⑥他のAWSサービスとの連携をすることができます。Amazon Redshiftを利用すれば、蓄積したデータの分析などもすることができます。
■ DynamoDBのデメリット
DynamoDBのデメリットは以下のようなものが挙げられます。
①空文字の利用ができない。テーブル結合した検索はできないなど検索に制約があります。どうしてもテーブル結合した検索をしなければならない場合は、アプリ側で対策するか他のDBの利用を考えましょう。

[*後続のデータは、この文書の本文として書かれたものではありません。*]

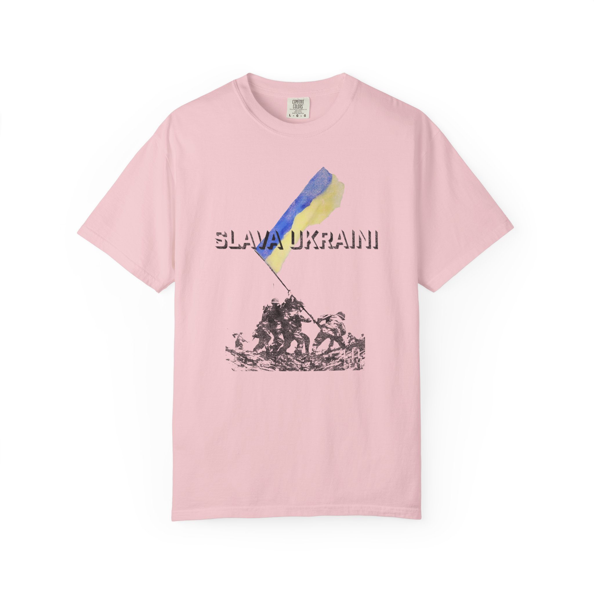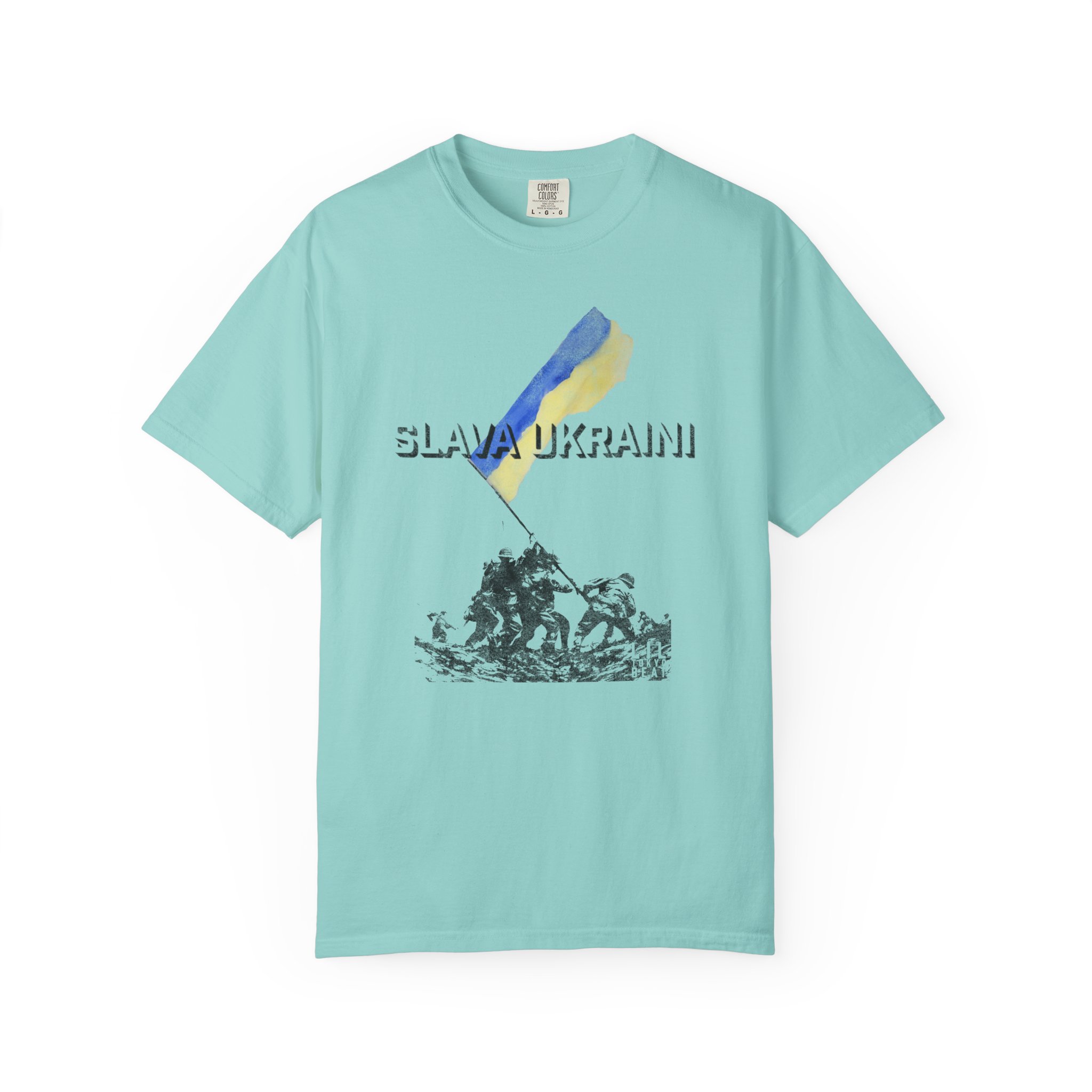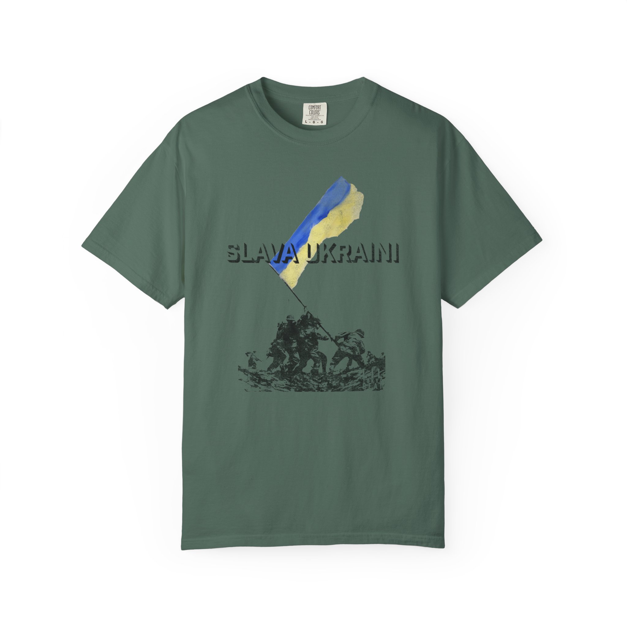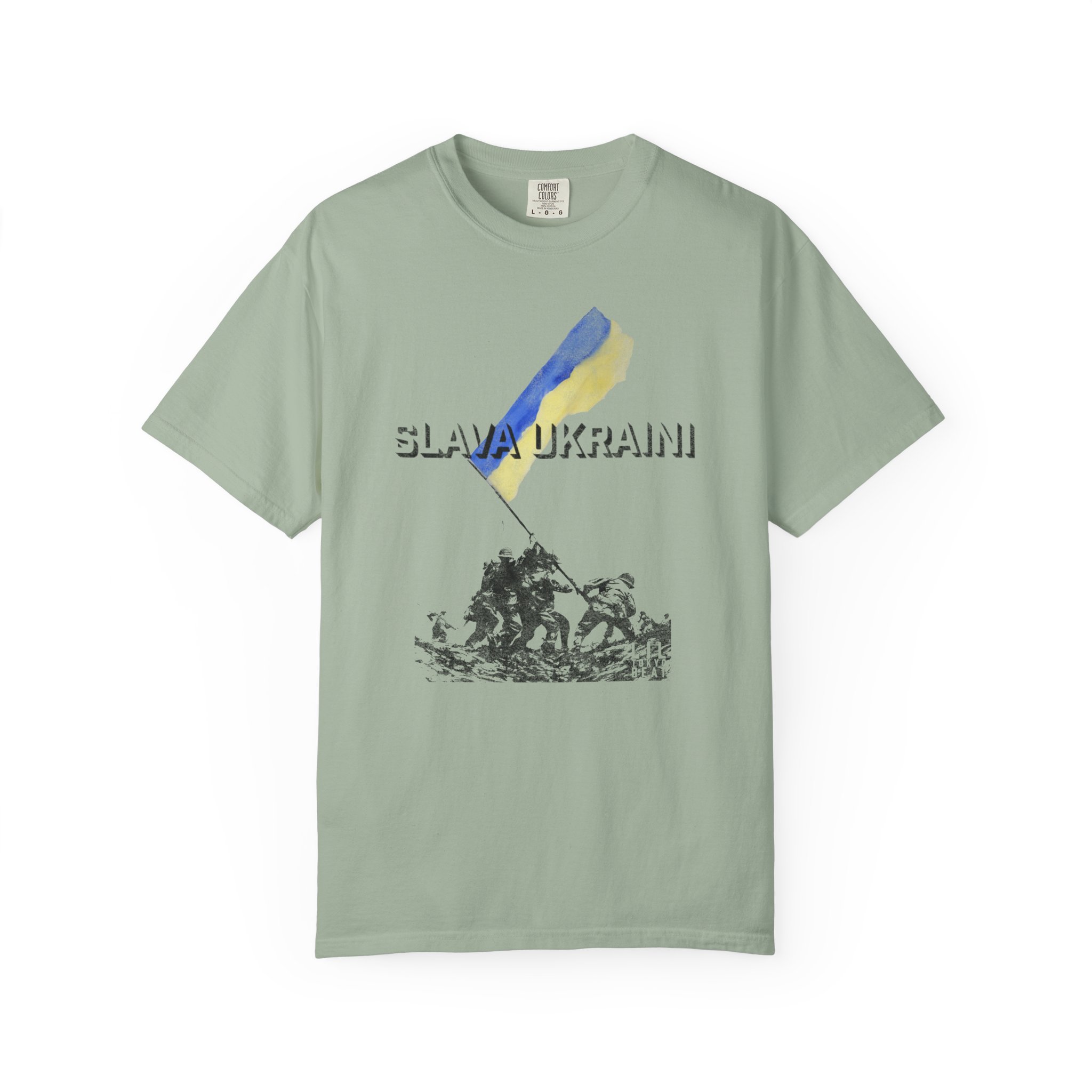 This design connects these two powerful historical echoes: one from the past, when Americans fought to stop tyranny, and one from today, where Ukrainians stand fiercely against invasion and oppression. It is a reminder that the fight for freedom is ongoing, and that Ukraine now inspires the hope and determination once associated with the United States. Slava Ukraini. Heroyam Slava.
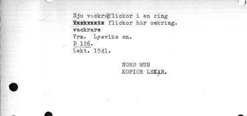 //// Sju vaekrajflickor i en ring SxBkxxxtx flickor här omkring, vackrare //// Trm. Lysviks sn. //// 1 D 12§* //// LektV 1941. //// » //// NORD MUS //// KOPIOR LEKAR. //// f //// 1 ////
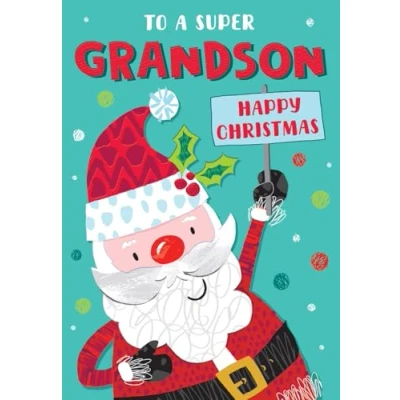 Piccadilly Greetings Christmas Card To a Super Grandson Fun Santa 9 x 6 inches
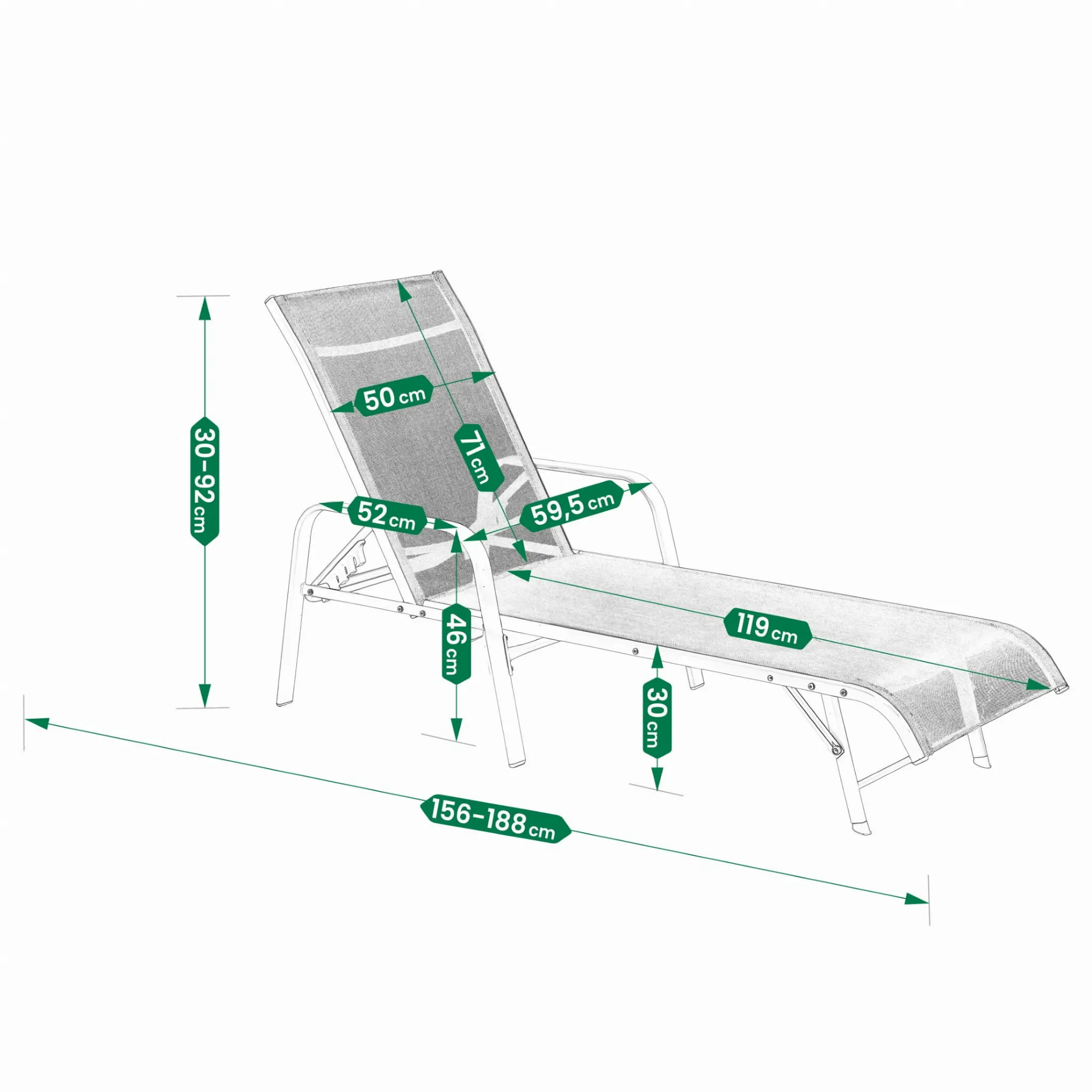 Dzięki solidnej stalowej konstrukcji i trwałemu materiałowi tekstylenowemu leżanka łączy w sobie funkcjonalność i nowoczesny wygląd. Oparcie z możliwością regulacji w aż 5 pozycjach pozwala idealnie dopasować pozycję siedzenia lub leżenia do Twoich potrzeb. Materiał siedziska jest przewiewny, odporny na promieniowanie UV i łatwy do utrzymania w czystości.
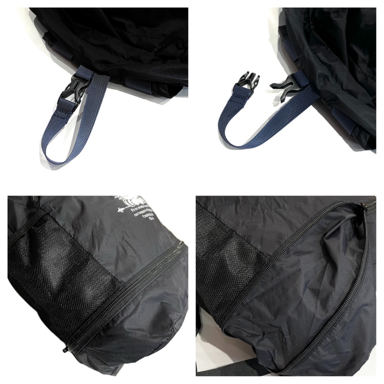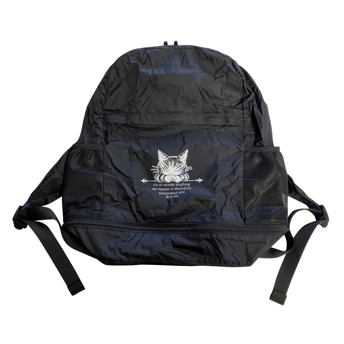 リップストップナイロン生地を使用したコンパクト収納ケース付きリュック。
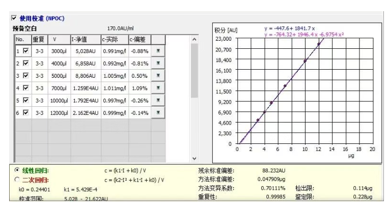 德國(guó)耶拿TOC解決方案 難點(diǎn)突破1:直接進(jìn)樣,無(wú)需稀釋 電子級(jí)試劑往往由于其純度高但待測(cè)TOC含量低,而使得允許的稀釋倍數(shù)受限。有些高純?cè)噭┫♂尯骉OC將與空白無(wú)差別,無(wú)法準(zhǔn)確定量。 以雙氧水為例,其在分解過(guò)程中會(huì)產(chǎn)生大量氧氣,同時(shí)高溫下水分會(huì)迅速氣化,測(cè)定時(shí)的氣流波動(dòng)會(huì)嚴(yán)重干擾測(cè)定結(jié)果。傳統(tǒng)分析采用稀釋進(jìn)樣的方法,而電子級(jí)的雙氧水含量特別低,稀釋后TOC含量與空白相差不大,會(huì)帶來(lái)很大的稀釋誤差,同時(shí)空氣中的CO2也會(huì)影響分析結(jié)果。 德國(guó)耶拿獨(dú)家的VITA技術(shù)用來(lái)補(bǔ)償不可避免的分析氣體流量的波動(dòng)引起的信號(hào)變化,拓寬低濃度的檢測(cè)范圍,使得TOC系統(tǒng)更精確,靈敏,穩(wěn)定。對(duì)高達(dá)70%濃度H2O2溶液無(wú)需進(jìn)行稀釋,可直接進(jìn)樣分析。同時(shí)配備高聚焦NDIR檢測(cè)器,對(duì)CO2具有更高靈敏度,可獲得更為可靠的結(jié)果,且一次進(jìn)樣可以同時(shí)分析TOC和TN參數(shù),可以實(shí)現(xiàn)高效高通量測(cè)定。 案例一:30%/70% 雙氧水TOC/TN測(cè)定 對(duì)電子級(jí)分別為30%和70%雙氧水溶液進(jìn)行直接測(cè)定,70%雙氧水RSD達(dá)到0.5%,說(shuō)明VITA流量技術(shù)很好地消除了燃燒過(guò)程中氣流波動(dòng)帶來(lái)的影響,測(cè)試樣品后對(duì)2.5ppm的標(biāo)液進(jìn)行回測(cè),回收率為103%,說(shuō)明儀器的氧化性能佳;且儀器能兼顧TN的同時(shí)測(cè)試,為品控提供有力的數(shù)據(jù)支持。 難點(diǎn)突破2:超強(qiáng)的酸堿耐受性 對(duì)于酸堿性的樣品,如果直接進(jìn)入定量閥,長(zhǎng)時(shí)間會(huì)腐蝕定量閥的密封圈和內(nèi)部器械,會(huì)加劇定量閥的損壞速度,導(dǎo)致進(jìn)樣體積不準(zhǔn)確等問(wèn)題。德國(guó)耶拿在硬件上進(jìn)行技術(shù)革新,在保證進(jìn)樣體積準(zhǔn)確性的前提下,用超純水代替樣品進(jìn)入定量閥,避免樣品對(duì)定量閥的損耗,可以長(zhǎng)時(shí)間分析酸堿性,甚至是有一定顆粒的高鹽樣品,耗材少,維護(hù)成本低。 案例二:電子級(jí)硫酸中TOC測(cè)定 考慮到高純硫酸在管道有很明顯的放熱反應(yīng),樣品稀釋測(cè)定,同時(shí)進(jìn)行加標(biāo)回收實(shí)驗(yàn)。從實(shí)驗(yàn)數(shù)據(jù)可以看出,樣品加標(biāo)回收率為96%,TOC標(biāo)樣的回收率為97%,說(shuō)明儀器對(duì)高純硫酸的基體耐受性好,能準(zhǔn)確測(cè)定電子級(jí)硫酸中低濃度TOC的含量。 案例三:電子級(jí)氨水中TOC測(cè)定 由于氨水是堿性溶液且電子級(jí)的氨水TOC濃度本身就比較低,容易吸收空氣中的CO2 ,造成結(jié)果的不準(zhǔn)確性,測(cè)試前對(duì)樣品進(jìn)行稀釋中和,同時(shí)扣除酸空白。從實(shí)驗(yàn)數(shù)據(jù)可以看出,樣品RSD均小于1%,0.1ppm的樣品加標(biāo)回收率為99%,0.1ppm TOC標(biāo)樣的回收率為102%,說(shuō)明儀器對(duì)低TOC的電子級(jí)氨水測(cè)定準(zhǔn)確性高。 難點(diǎn)突破3:儀器自動(dòng)繪制標(biāo)準(zhǔn)曲線+ 長(zhǎng)達(dá)一年校準(zhǔn)周期 對(duì)于較低TOC濃度樣品的測(cè)定,如何繪制低濃度的標(biāo)準(zhǔn)曲線顯得非常重要。由于配制標(biāo)液需要稀釋液,但實(shí)驗(yàn)室很難找到TOC為零的稀釋液,在配制溶液的過(guò)程也容易引入空氣中的CO2 ,得不到線性較好的曲線。德國(guó)耶拿multi N/C 總有機(jī)碳分析儀提供吸取不同體積繪制曲線的功能,無(wú)需人為配制曲線,線性輕松達(dá)到0.999以上,且校準(zhǔn)周期長(zhǎng)達(dá)一年,減少每次做樣前曲線繪制的人力和時(shí)間,讓您有更多的時(shí)間做重要的事情。 綜上,德國(guó)耶拿multi N/C 總有機(jī)碳分析儀能輕松應(yīng)對(duì)高純濕電子化學(xué)品超低TOC的測(cè)定需求,幫助企業(yè)實(shí)時(shí)監(jiān)控生產(chǎn)過(guò)程中的化學(xué)品純度,確保生產(chǎn)效率和產(chǎn)品質(zhì)量,提高產(chǎn)品的市場(chǎng)競(jìng)爭(zhēng)力。

②キャパシティユニットを大幅に増加させるとパーティション分割が発生します。この後にキャパシティを下げるとパーティション数は減らないのでパフォーマンスが極端に低下する恐れがあります。
まとめ
- AWS Lambdaとは、サーバーを必要としないプログラムの実行環境で、開発者が処理したい内容を小さな関数として実装すると必要に応じて、それが実行される仕組み
- AWS Lambdaのメリット①従量課金制サービスにより料金を抑えることが可能、②サーバーの管理が不要で手間暇がかからない、③オートスケーリングによる負荷に応じた自動運用、④高いセキュリティ
- AWS Lambdaのデメリット①AWS Lambdaの利用には他のAWSサービスを利用する必要がある、②利用するまで正確な料金がわからない、③利用言語によって処理時間が異なる
- DynamoDBの特徴は、キーバリューストア型のNoSQLデータベースということ
- DynamoDBのメリットは、①完全マネージド型のサービスである点、②非VPC接続環境で利用できる点③データベースサイズの自動拡張性がある点④負荷に応じたオートスケーリングが可能な点⑤高い信頼性がある点⑥他のAWSサービスとの連携
- DynamoDBのデメリットは、①検索に制限がある、②キャパシティユニットの変更に伴うパフォーマンスの低下の可能性
AWSのLambdaとDynamoDBについて理解を深めることはできたでしょうか。クラウドコンピューティングサービスにも様々な種類があり、目的に応じて利用しやすいサービスも異なってきます。自分に合ったサービスを有効活用できるように今後も学んでいきましょう。
最後までご覧いただき、ありがとうございます。